Multi-Platform Data Fusion Enhances Nitrogen Management in Citrus Orchards

Researchers from Technion-Israel Institute of Technology have developed a novel approach to estimate canopy nitrogen content in citrus orchards using multispectral and temporal data from unmanned aerial vehicles (UAVs) and Sentinel-2 satellites. This method captures spatiotemporal variability across multiple citrus cultivars, aiming to enhance nitrogen use efficiency (NUE) while reducing environmental impact. The study, funded by the Center for Fertilization and Plant Nutrition, was conducted in commercial citrus plots in the Hefer Valley, Israel, and spanned two phases over three years.

Key Takeaways:

  • The research presents a novel approach to estimate canopy nitrogen content using UAV-satellite data fusion, which captures spatiotemporal variability across multiple citrus cultivars.
  • The integrated Random Forest (RF) model, which combined UAV-VIs, Sentinel-2 VIs, and SfM-derived structural data, achieved superior performance (R² = 0.80, RMSE = 0.17 kg/m²) compared to models relying solely on UAV-VIs or Sentinel-2 VIs.
  • CNC expressed as mass per tree demonstrated a strong positive correlation with yield (R² = 0.66), highlighting the relationship between nitrogen dynamics and orchard productivity.
  • The study provides compelling evidence for the potential of combining UAV and Sentinel-2 data to improve CNC estimation and its correlation with yield in citrus orchards.
  • The research contributes to advancements in precision agriculture by offering a scalable, data-driven framework to enhance nutrient management and support sustainable orchard practices.
  • The study was conducted in commercial citrus plots in the Hefer Valley, Israel, and spanned two phases, with the first phase focusing on four plots of the 'Newhall' cultivar and the second phase expanding to twelve additional plots featuring five different citrus cultivars.

Statistics:

  • Overall, the integrated RF model achieved an R² of 0.80 and an RMSE of 0.17 kg/m².
  • CNC expressed as mass per tree demonstrated a strong positive correlation with yield, with an R² of 0.66.
  • The study used UAV multispectral images and Sentinel-2 satellite images, with a total of six key steps involved in the methodology.
  • The researchers analyzed the relationship between CNC and yield to understand nitrogen dynamics and their impact on productivity.

Sources:

  • NewsRx.

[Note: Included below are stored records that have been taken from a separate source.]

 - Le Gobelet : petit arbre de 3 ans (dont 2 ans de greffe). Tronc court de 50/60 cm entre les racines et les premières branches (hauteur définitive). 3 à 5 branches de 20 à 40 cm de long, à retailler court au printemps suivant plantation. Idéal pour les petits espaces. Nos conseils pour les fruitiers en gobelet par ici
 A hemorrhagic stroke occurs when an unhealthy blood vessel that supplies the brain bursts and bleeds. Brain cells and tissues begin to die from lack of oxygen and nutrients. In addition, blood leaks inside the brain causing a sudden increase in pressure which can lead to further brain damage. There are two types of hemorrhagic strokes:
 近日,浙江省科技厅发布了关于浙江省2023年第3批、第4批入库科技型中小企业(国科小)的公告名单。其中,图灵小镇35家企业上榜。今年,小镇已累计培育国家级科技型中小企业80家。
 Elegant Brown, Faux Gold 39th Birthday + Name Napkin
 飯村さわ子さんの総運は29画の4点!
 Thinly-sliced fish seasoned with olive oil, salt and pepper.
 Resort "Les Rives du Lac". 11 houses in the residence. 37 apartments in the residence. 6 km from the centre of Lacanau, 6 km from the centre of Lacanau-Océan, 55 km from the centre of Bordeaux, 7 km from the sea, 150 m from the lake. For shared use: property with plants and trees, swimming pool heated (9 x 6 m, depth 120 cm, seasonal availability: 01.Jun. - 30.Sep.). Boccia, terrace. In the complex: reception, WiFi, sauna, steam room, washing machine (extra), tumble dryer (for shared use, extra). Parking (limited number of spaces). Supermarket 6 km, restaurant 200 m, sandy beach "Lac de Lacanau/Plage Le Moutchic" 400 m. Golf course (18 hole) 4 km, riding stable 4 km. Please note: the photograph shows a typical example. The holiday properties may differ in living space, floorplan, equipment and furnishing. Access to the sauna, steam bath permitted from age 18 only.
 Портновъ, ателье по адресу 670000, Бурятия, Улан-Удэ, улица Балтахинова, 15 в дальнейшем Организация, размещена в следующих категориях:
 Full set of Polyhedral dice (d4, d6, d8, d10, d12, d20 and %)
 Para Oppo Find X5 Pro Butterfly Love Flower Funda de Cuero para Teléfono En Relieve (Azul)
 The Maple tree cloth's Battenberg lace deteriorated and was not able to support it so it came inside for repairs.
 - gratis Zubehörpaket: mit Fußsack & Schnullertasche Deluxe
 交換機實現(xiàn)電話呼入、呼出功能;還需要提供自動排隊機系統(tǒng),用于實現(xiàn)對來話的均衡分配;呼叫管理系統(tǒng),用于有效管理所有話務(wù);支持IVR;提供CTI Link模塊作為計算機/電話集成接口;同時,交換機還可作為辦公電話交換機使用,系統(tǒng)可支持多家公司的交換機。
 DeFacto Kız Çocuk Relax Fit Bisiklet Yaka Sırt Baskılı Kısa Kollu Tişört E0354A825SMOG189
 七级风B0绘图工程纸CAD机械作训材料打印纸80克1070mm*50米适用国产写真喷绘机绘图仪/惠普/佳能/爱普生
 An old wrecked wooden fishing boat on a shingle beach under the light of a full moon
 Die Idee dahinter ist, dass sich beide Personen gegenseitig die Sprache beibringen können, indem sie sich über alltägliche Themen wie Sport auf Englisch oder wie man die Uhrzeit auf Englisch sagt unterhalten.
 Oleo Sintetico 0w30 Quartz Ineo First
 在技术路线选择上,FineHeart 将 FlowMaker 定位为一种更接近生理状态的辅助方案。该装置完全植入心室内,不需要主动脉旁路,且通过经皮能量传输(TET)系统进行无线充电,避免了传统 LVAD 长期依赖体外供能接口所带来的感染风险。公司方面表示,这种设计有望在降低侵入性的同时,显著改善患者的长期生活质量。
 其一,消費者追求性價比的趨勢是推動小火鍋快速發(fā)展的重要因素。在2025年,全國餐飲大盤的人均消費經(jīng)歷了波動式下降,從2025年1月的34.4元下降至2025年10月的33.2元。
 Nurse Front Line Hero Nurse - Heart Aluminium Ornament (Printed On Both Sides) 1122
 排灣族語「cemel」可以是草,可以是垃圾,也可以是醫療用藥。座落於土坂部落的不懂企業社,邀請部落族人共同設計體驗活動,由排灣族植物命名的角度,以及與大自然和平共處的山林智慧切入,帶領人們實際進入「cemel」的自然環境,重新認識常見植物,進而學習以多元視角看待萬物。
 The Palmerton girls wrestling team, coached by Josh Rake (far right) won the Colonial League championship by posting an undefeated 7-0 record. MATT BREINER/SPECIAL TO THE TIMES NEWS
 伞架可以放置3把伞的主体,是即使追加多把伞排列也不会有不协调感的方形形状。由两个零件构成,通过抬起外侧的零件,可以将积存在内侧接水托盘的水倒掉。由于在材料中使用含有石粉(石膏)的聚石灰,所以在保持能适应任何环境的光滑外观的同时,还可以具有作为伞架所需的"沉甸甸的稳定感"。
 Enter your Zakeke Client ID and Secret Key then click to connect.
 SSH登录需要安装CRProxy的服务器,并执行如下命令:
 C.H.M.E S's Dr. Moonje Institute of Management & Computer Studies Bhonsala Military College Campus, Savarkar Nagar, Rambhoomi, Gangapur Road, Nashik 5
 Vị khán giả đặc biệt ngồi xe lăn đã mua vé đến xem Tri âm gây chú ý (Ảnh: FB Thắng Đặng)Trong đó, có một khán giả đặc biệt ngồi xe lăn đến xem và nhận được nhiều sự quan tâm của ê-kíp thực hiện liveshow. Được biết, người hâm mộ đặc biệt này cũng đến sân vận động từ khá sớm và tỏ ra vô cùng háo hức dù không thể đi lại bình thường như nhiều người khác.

Researchers from Technion-Israel Institute of Technology Discuss Research in Sustainable Food and Agriculture (Multi-scale remote sensing for sustainable citrus farming: Predicting canopy nitrogen content using UAV-satellite data fusion). Ecology, Environment & Conservation. August 15, 2025; p 654.
  • Multi-scale remote sensing for sustainable citrus farming: Predicting canopy nitrogen content using UAV-satellite data fusion. Smart Agricultural Technology, 2025,11():100906.